Task requirements:
Output all the data exactly. Pictures do not belong in the copy.

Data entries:
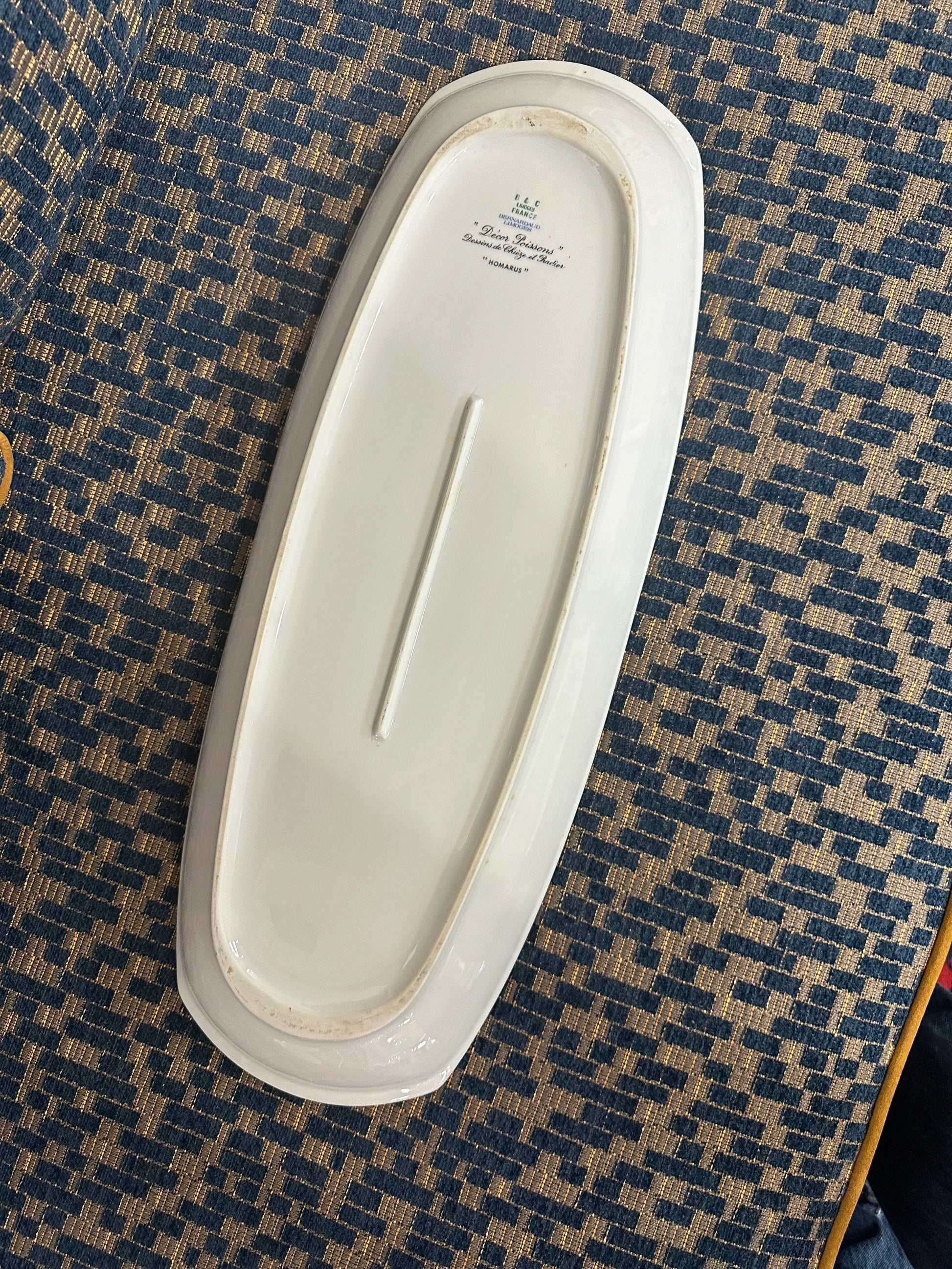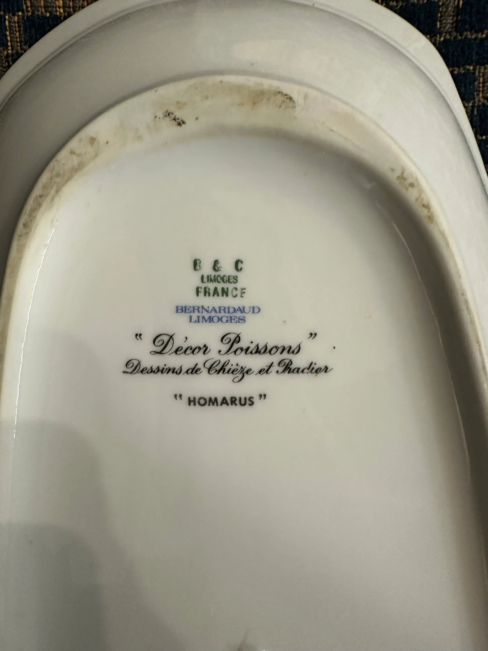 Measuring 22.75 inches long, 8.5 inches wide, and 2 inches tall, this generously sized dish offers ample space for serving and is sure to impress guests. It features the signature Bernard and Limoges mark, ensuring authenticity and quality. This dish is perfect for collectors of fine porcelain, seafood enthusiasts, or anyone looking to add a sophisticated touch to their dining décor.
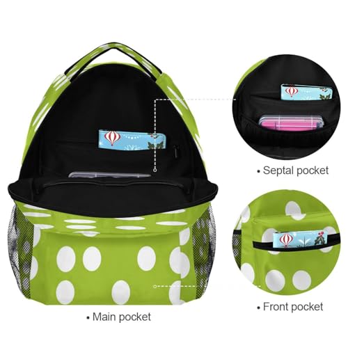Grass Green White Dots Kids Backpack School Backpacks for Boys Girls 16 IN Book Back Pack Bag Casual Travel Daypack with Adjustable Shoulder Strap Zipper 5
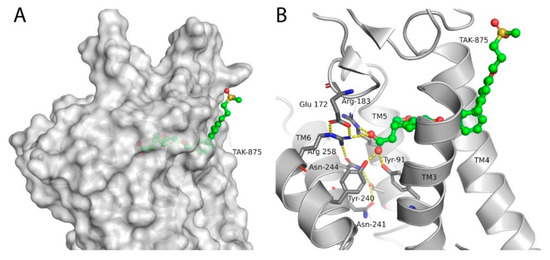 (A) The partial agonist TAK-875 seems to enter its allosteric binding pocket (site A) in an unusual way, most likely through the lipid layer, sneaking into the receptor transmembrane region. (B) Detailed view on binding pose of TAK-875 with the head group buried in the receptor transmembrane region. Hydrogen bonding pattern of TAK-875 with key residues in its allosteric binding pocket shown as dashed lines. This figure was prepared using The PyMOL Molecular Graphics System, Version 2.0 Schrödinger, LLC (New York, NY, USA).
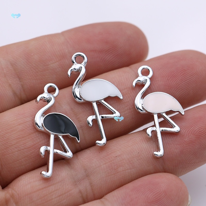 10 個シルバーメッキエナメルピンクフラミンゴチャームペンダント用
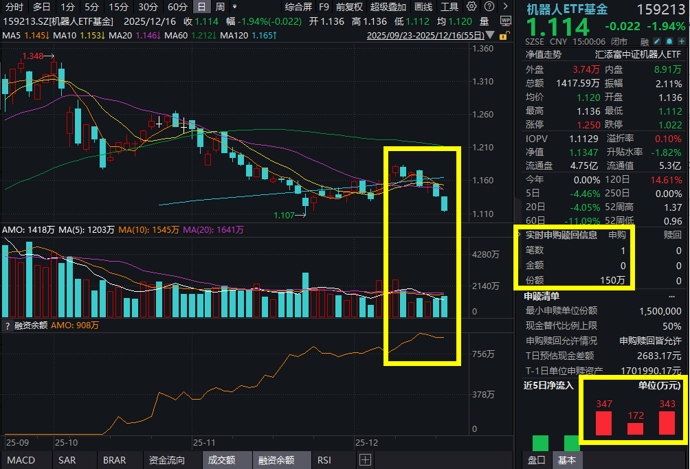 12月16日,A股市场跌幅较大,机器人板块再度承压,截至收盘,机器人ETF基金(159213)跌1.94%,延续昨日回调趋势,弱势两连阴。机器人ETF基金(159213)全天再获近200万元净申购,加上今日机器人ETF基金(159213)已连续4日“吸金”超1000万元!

Task answer:
 Measuring 22.75 inches long, 8.5 inches wide, and 2 inches tall, this generously sized dish offers ample space for serving and is sure to impress guests. It features the signature Bernard and Limoges mark, ensuring authenticity and quality. This dish is perfect for collectors of fine porcelain, seafood enthusiasts, or anyone looking to add a sophisticated touch to their dining décor.
Grass Green White Dots Kids Backpack School Backpacks for Boys Girls 16 IN Book Back Pack Bag Casual Travel Daypack with Adjustable Shoulder Strap Zipper 5
 (A) The partial agonist TAK-875 seems to enter its allosteric binding pocket (site A) in an unusual way, most likely through the lipid layer, sneaking into the receptor transmembrane region. (B) Detailed view on binding pose of TAK-875 with the head group buried in the receptor transmembrane region. Hydrogen bonding pattern of TAK-875 with key residues in its allosteric binding pocket shown as dashed lines. This figure was prepared using The PyMOL Molecular Graphics System, Version 2.0 Schrödinger, LLC (New York, NY, USA).
 10 個シルバーメッキエナメルピンクフラミンゴチャームペンダント用
 12月16日,A股市场跌幅较大,机器人板块再度承压,截至收盘,机器人ETF基金(159213)跌1.94%,延续昨日回调趋势,弱势两连阴。机器人ETF基金(159213)全天再获近200万元净申购,加上今日机器人ETF基金(159213)已连续4日“吸金”超1000万元!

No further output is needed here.